An extension of representation

Question

Let $A,~B$ be two C*-algebras, if $A$ is an ideal in $B$, then do we have that any representation of $A$ can extend to a representation of $B$?

Answer 1

Yes.

Let $\pi:A\to B(H)$ is a representation.
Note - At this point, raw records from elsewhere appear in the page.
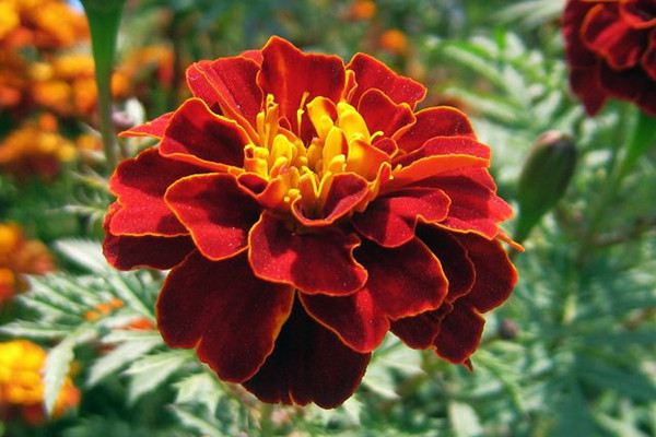 品种:孔雀草的品种较多,因为种间反复杂交,除红黄色外,还培育出纯黄色、橙色等品种,还有单瓣、复瓣等等品种。花期从“五一”一直开到“十一”。
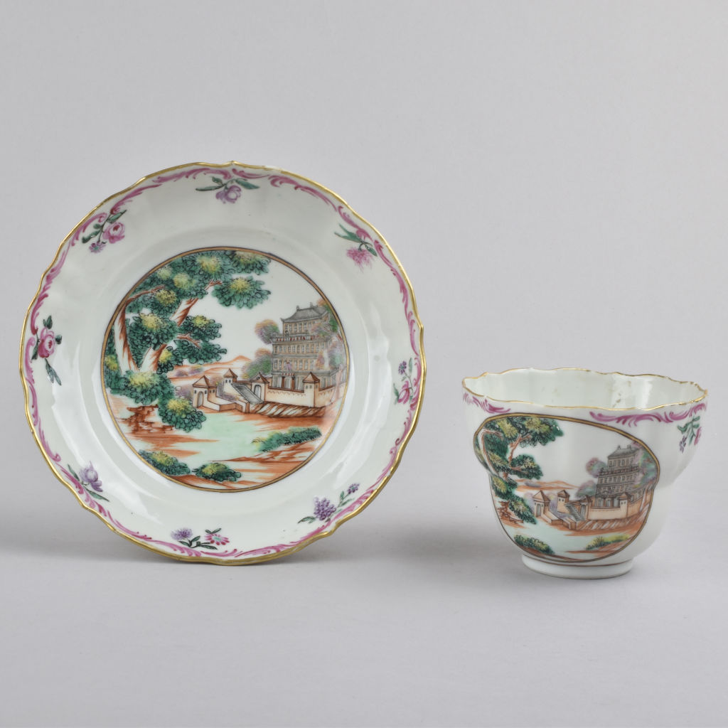 Decorated in the famille rose palette, in overglaze polychrome enamels, including pink, green, iron red, black and gold. At the centre is a large medallion with a wavy frieze framed by gold circles enclosing the bust-length portrait of the Roman goddess Minerva wearing a Corinthian helmet in a pink ground. There is also a pink […]
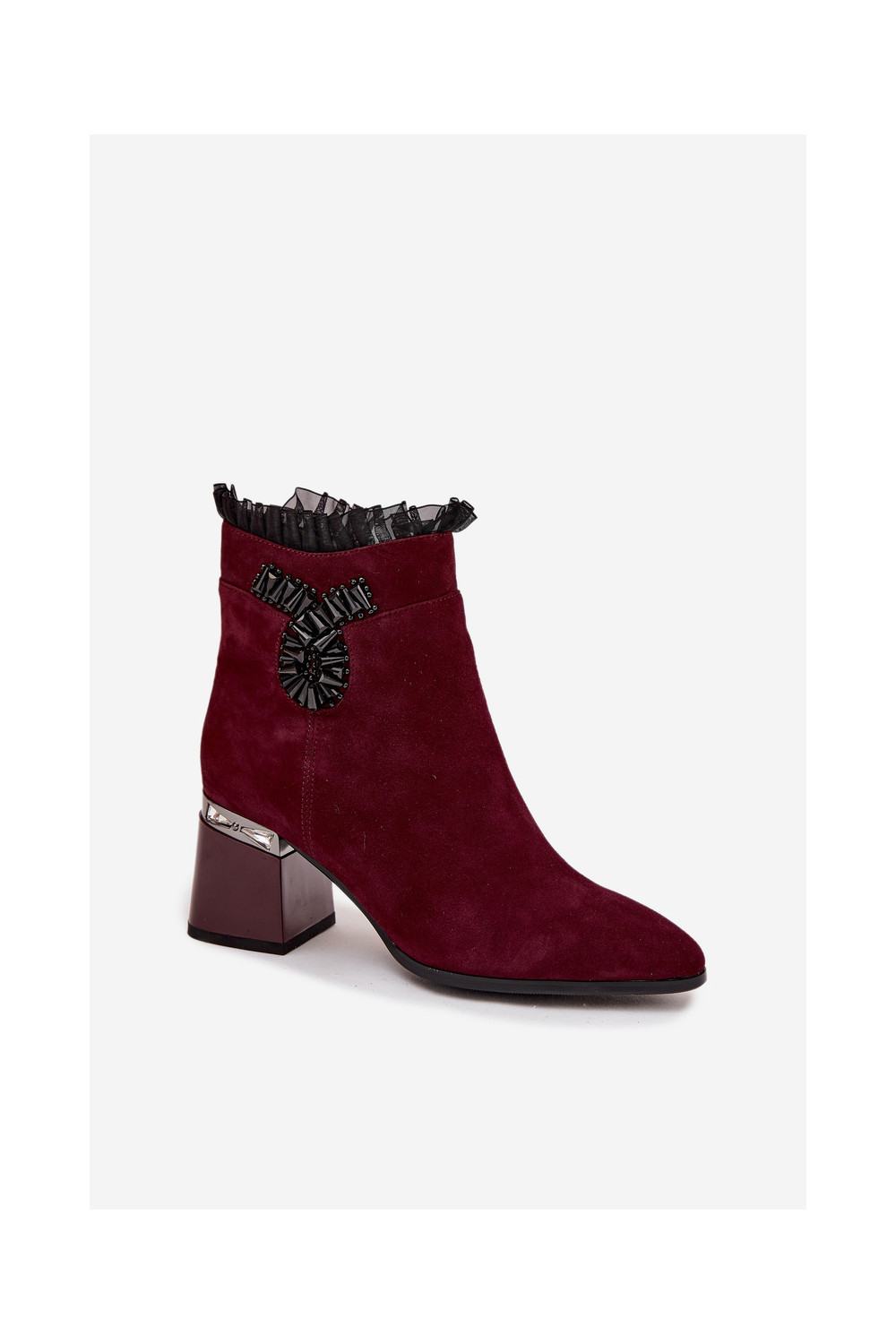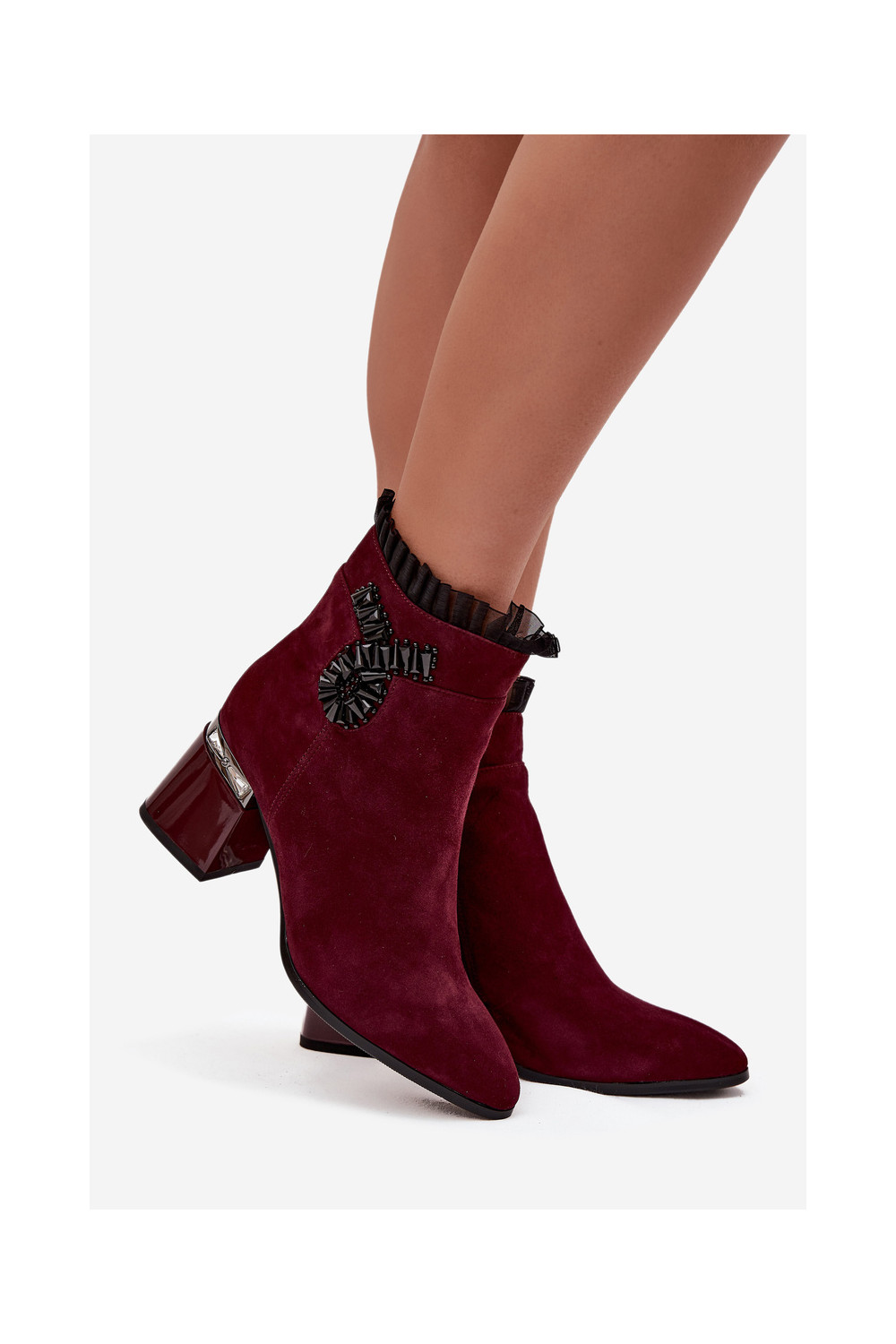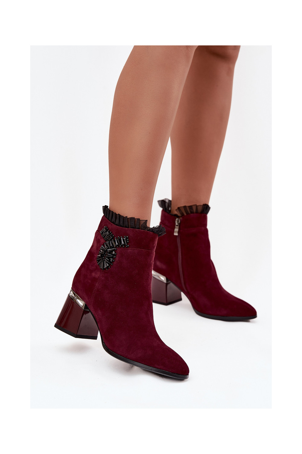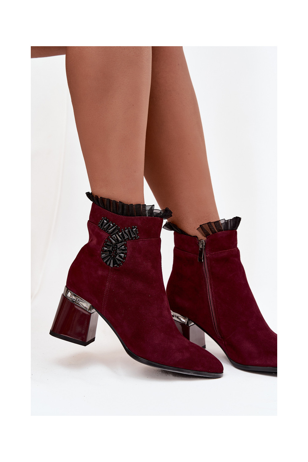 ze semiše Dámské podpatky s ornamenty zateplené D&A MR52-127 vínová
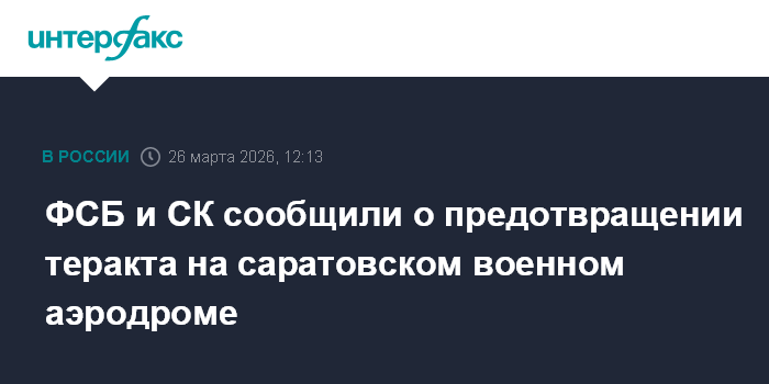 Москва. 26 марта. INTERFAX.RU - ФСБ и Следственный комитет РФ сообщили о задержании в Саратовской области мужчины, который по заданию украинских спецслужб должен был устроить атаку на военный аэродром беспилотников со взрывчаткой.
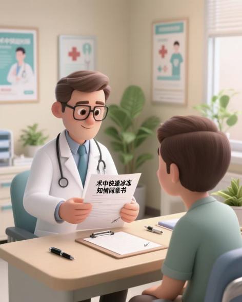 临床医生与病人签署《术中快速冰冻知情同意书》,告知其意义和局限性。临床医生向病理科提交《术中冰冻申请单》,填写病人的病史、重要的检查结果等信息。
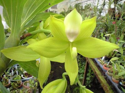 スワンオーキッド(白鳥蘭)と呼ばれ、普通はグリーン花ですが、
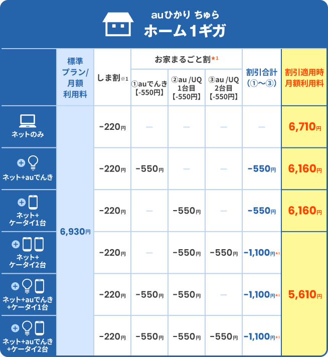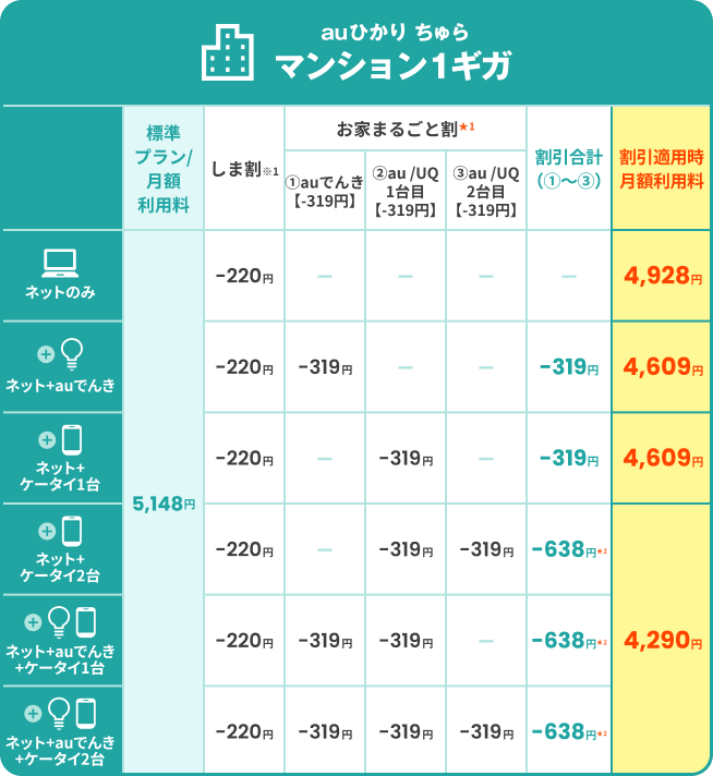 - auひかり ちゅらホーム1ギガ・マンションギガの標準プラン(各種割引適用前)との比較になります。
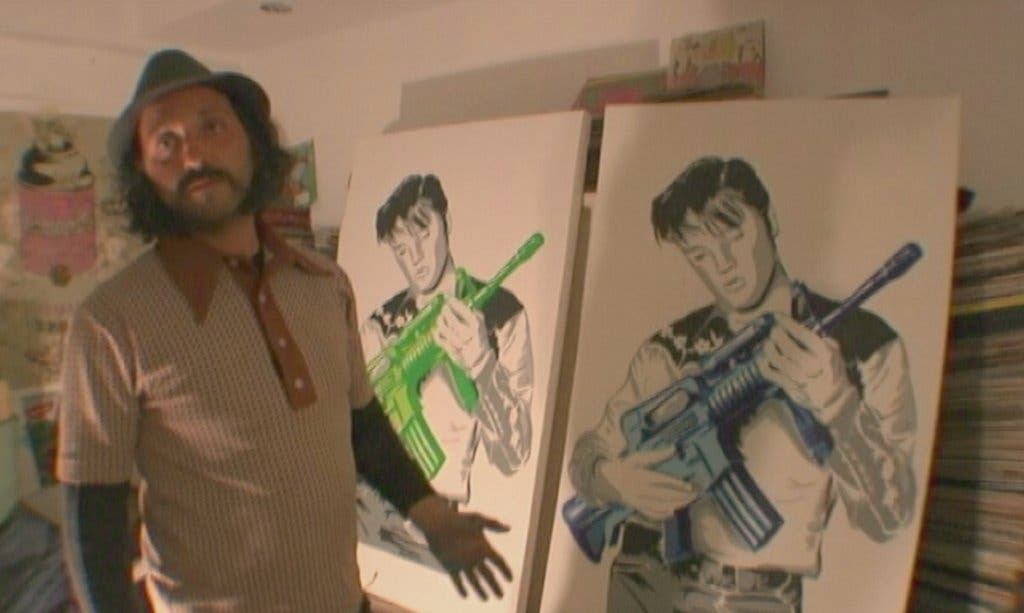 Whatever else it is, I think Exit Through the Gift Shop is a sneakily beautiful film. It’s clever and amusing, certainly, but underneath all this lies a warm and beating human heart. The film asks questions–literally–the characters are always asking questions, and then contradicting themselves in ways that raise more questions. It makes us think about anonymity and celebrity, about the commercialization of art, about whether or not art has any meaning, or needs to have meaning. Guetta’s art, which is dangerously similar to Bansky’s own, is seen as meaningless, but it sells for lots of money, and Guetta, like Bansky, becomes a celebrity, which, as the film shows it, seems like a depressingly empty pursuit.

We can assume that $\overline{\pi(A)H}=H$ (otherwise, we replace $H$ with $\overline{\pi(A)H}$).

Now you can define $\tilde\pi:B\to B(H)$ on the dense subspace $\pi(A)H$ by $$ \tilde\pi(b)\,\pi(a)\xi=\pi(ba)\xi. $$ This is well-defined: if $\pi(a)\xi=\pi(a')\xi$, then $\pi(a-a')\xi=0$, and \begin{align} \|\pi(b(a-a'))\xi\|^2&=\langle \pi(b(a-a'))\xi,\pi(b(a-a'))\xi\rangle =\langle \pi((a-a')^*b^*)\pi(b(a-a'))\xi,\xi\rangle\\ &=\langle \pi((a-a')^*b^*b(a-a'))\xi,\xi\rangle\leq\|b\|^2\, \langle \pi((a-a')^*(a-a'))\xi,\xi\rangle\\ &=\|b\|^2\,\|\pi(a-a')\xi\|^2=0. \end{align} So $\pi(ba)\xi=\pi(ba')\xi$.

The same estimates above show that $\tilde\pi$ is bounded.

It is elementary to check that $\tilde\pi$ is a representation.